CALGARY, AB, February 19 th, 2013 – Banyan Gold Corp. (TSXV: BYN) (the “Company" or "Banyan”) is pleased to announce that it has closed its qualifying transaction (the “Transaction”) with the purchase of 100% of the Hyland Gold Property (the "Hyland Property") as described in the September 10, 2012 news release. As a result of the completion of the Transaction, Banyan has ceased to be a Capital Pool Company (as defined in the policies of the TSX Venture Exchange (the “ TSXV”)) and is expected to commence trading as a Tier 2 Mining Issuer on the TSXV at the opening of the market on February 19, 2013. In conjunction with the qualifying transaction, the Company has changed its name to Banyan Gold Corp. The trading symbol of the Company will be changed from “BYN.P” to “BYN”.

Through the close (the “Closing”) of the definitive assignment and transfer agreement (the "Definitive Agreement") dated October 9, 2012 with Argus Metals Corp. (“Argus") Banyan acquired mineral claims and the right to earn an undivided 100% interest in mineral claims in the Hyland Property, located in the Watson Lake Mining District of South Eastern Yukon Territory, Canada (the “Hyland Property”). The Hyland Property is a large scale sediment hosted gold system in Yukon’s Selwyn basin situated in the Watson Lake Mining District of South Eastern Yukon Territory, Canada. It is located approximately 70 kilometres northeast of the village of Watson Lake. The property is accessible by helicopter, float plane and 4x4 roads. Hyland consists of 927 claims (approximately 18,620 hectares) and lies near the southeast end of the Tintina Gold Belt extending across central Alaska and Yukon.
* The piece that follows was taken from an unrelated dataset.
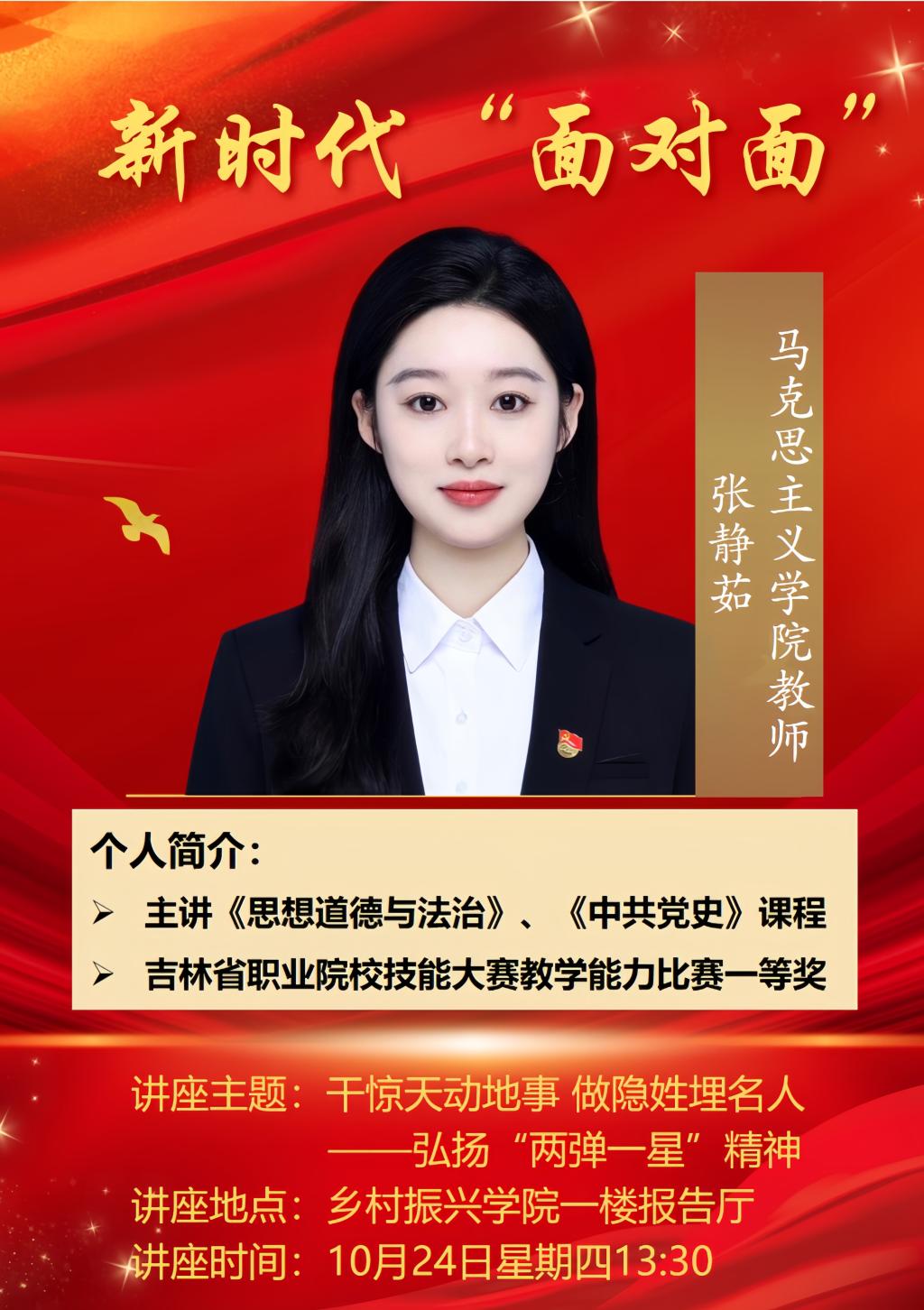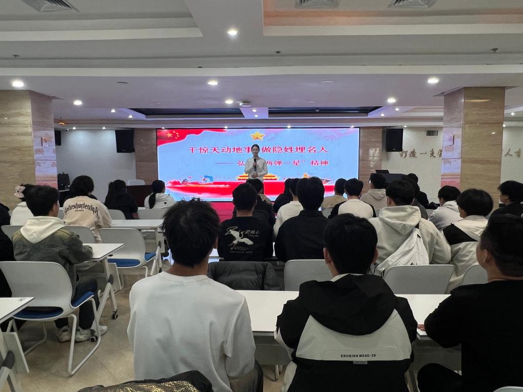 此次讲座由我院优秀青年教师张静茹主讲,她从“两弹一星”的研制原因、研制过程以及弘扬“两弹一星”精神这三个方面进行了深入浅出地讲解。她怀揣着对科学家精神的崇高敬意,和同学们一起追忆了那段激情燃烧的岁月。在场学生无一不被“两弹一星”元勋们鲜为人知的故事和感人至深的爱国情怀深深打动。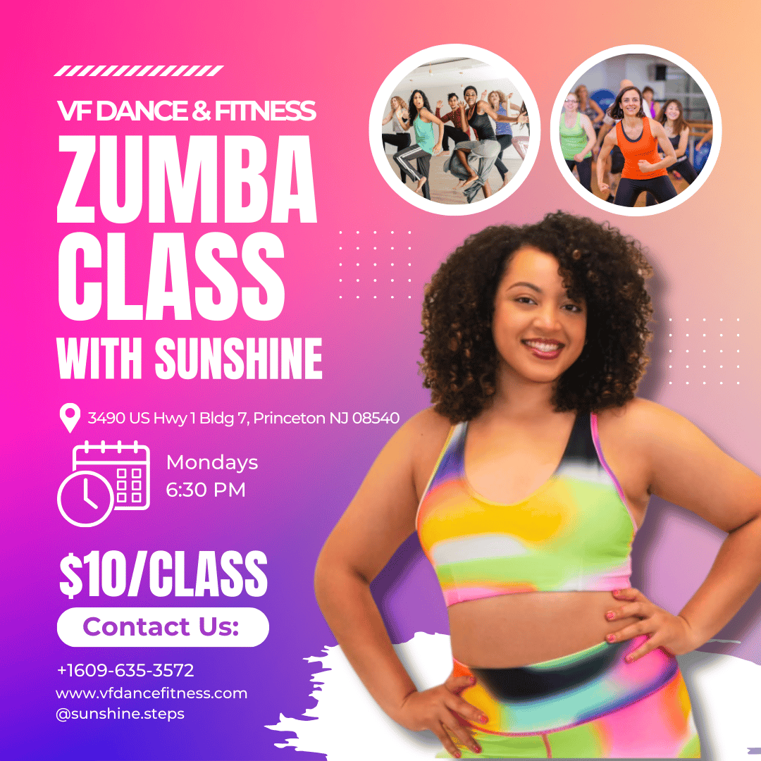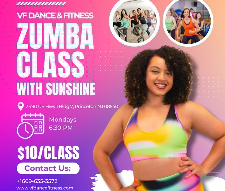Join us at VF Dance & Fitness for energizing and exciting Zumba classes led by the one and only Sunshine! Whether you're looking to burn calories, tone up, or simply enjoy an hour of fun, Zumba is the perfect workout for all ages and fitness levels.

In connection with the Transaction, Banyan has also completed a non-brokered private placement (the “Placement”) of 5,000,000 units (each, a “Unit”) at $0.10 per Unit for total proceeds of $500,000. Each Unit consists of one share of Banyan (each, a "Share") and one half share purchase warrant (each a “Warrant”). Each Warrant entitles the holder to purchase one Share at an exercise price of $0.15 for 12 months. All Shares, including Shares issued pursuant to the due exercise of Warrants, are subject to a four month hold period under applicable securities laws.
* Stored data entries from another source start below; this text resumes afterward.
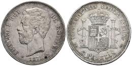 Centenario de la Peseta (1868-1931). Amadeo I (1871-1873). 5 pesetas. 1871*18-74. Madrid. DEM. (Cal-5). Ag. 24,83 g. Golpecitos en el canto. Rayitas. MBC. Est...45,00.
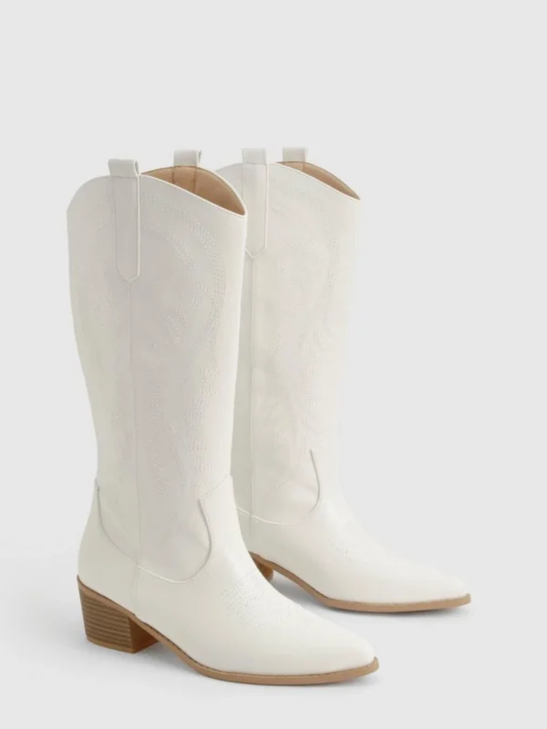 BOOHOO Calf Detail Embroidered Western Cowboy Boots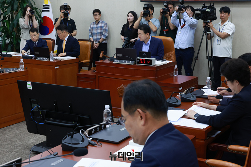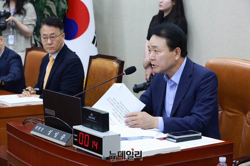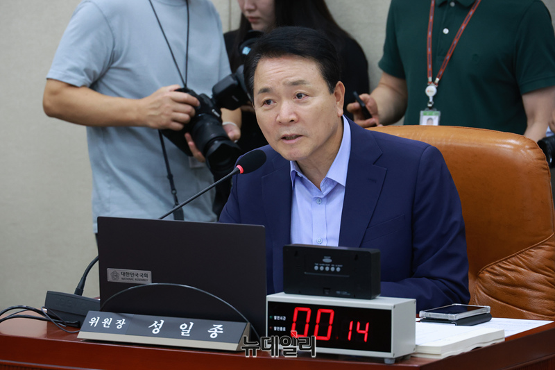 성일종 국회 국방위원장이 8일 오후 국회에서 열린 국방위원회 전체회의에서 국무위원후보자(국방부 장관 안규백) 인사청문회 실시 계획서 채택의 건 가결을 선언하고 있다.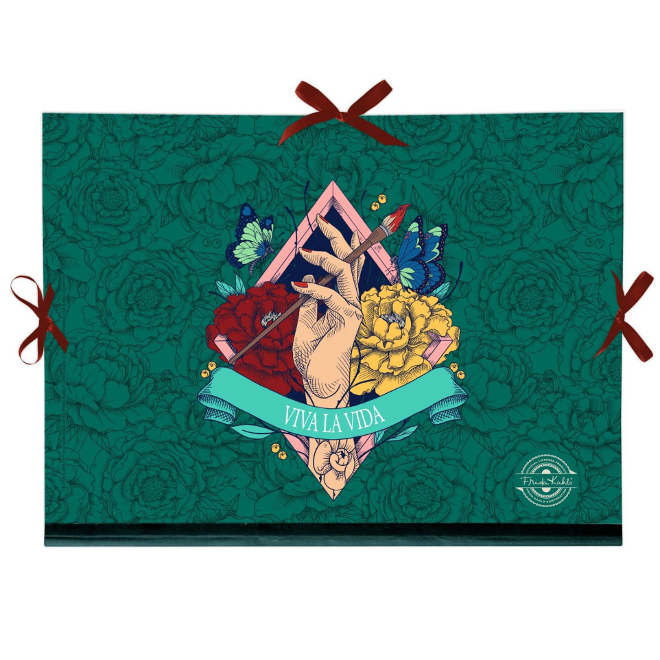 Frida Kahlo, tekenmap 28x38 cm, sluiting met 3 linten Ik schilder bloemen zodat ze niet verdwijnen. Frida Kahlo (1907 - 1954) Duik in de levendige en inspirerende wereld van Frida Kahlo met onze collectie die deze iconische artieste eert. Passioneel, creatief, tijdloos en uniek Frida is een legendarische figuur in de kunst en vrijheid van expressie. Deze collectie viert haar kracht, veerkracht en de schoonheid van haar werk, waarbij elke creatie de gedurfde geest en eindeloze creativiteit van de Mexicaanse artieste weerspiegelt. De designs, met kleurrijke bloemenmotieven, stralen de energie en passie van Frida Kahlo uit, en brengen de weelderige natuur tot leven die haar omringde en haar verbeelding voedde. Het is een uitnodiging om je ideeën, dromen en inspiratie vast te leggen op stukken die nooit zullen verwelken ter ere van een artieste wiens ziel de wereld blijft fascineren en inspireren. Ontdek de bureauwereld van Frida Kahlo, producten ontworpen om je moeiteloos en stijlvol door elk moment van je dagelijks leven te leiden. Doordachte accessoires die functionaliteit en flair combineren, om je werkplek op te fleuren en je organisatie een stuk eenvoudiger te maken. 1 motief. PEFC-gecertificeerd karton met satijncoating.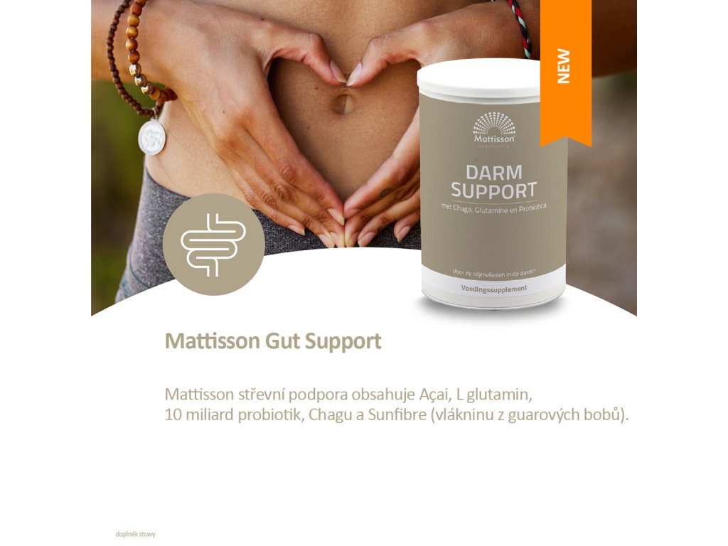 Mattisson střevní podpora obsahuje Açai, L glutamin, 10 miliard probiotik, Chagu a Sunfibre (vlákninu z guarových bobů).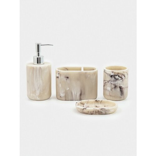 Ваша ванная заслуживает не просто порядка, а настоящей эстетической паузы. Этот набор аксессуаров с мраморным узором добавляет в утренние ритуалы ноту спокойной роскоши, превращая разрозненные мелочи в цельный элемент интерьера. Четыре предмета в тёплом бежевом оттенке создают мгновенное ощущение гармонии и завершённости. Единство деталейВ комплекте дозатор для жидкого мыла, два стакана для хранения щёток и мыльница. Материал полирезин устойчив к влаге, сохраняет чистый внешний вид и не скользит в руках. Дизайн «Мгновение» выполнен в мраморной тематике — узор отличается уникальностью и естественностью. Нейтральный бежевый цвет служит идеальным фоном для декоративных элементов в стиле бохо или классика. Полный набор избавляет от поиска аксессуаров по отдельности, сразу создавая целостный образ. Осознанный декорПоверхность с имитацией мрамора привносит в пространство текстурную глубину, которую хочется рассматривать. Этот комплект для ванной комнаты — это больше, чем просто функциональные предметы; он становится частью атмосферы вашего дома. Каждое касание дозатора или взгляд на стоящие в стакане щётки напоминают о выбранном стиле. Порядок здесь — это не строгость, а ощущение заботы о пространстве вокруг себя.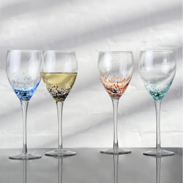 A celebration of colour and form, the Anton Studio Designs Set of 2 Rio Champagne Coupes brings bold energy to the table. Hand-applied diagonal bands swirl around the tall, angled bowl, tapering inward for a modern silhouette with playful sophistication.

The Company previously paid Argus $15,000. On Closing, the Company paid Argus an additional $20,000 and issued 4,000,000 common shares of the Banyan to Argus. In order to acquire a 100% interest in the Hyland Property, a $100,000 payment is due to StrataGold Corporation, a subsidiary of Victoria Gold Corp., within 15 days of Closing. The Company is also obligated to deliver 15,000 Argus common shares to StrataGold Corporation or the greater of the market value thereof or such other consideration as the parties may agree. The 4,000,000 Shares are subject to a TSX-V Tier 2 Value Security Escrow Agreement, and subject to a 4 month hold period under applicable securities legislation. Shareholders of Argus have resolved to cause the distribution of the 4,000,000 Shares to Argus shareholders as an in specie dividend following their release from escrow.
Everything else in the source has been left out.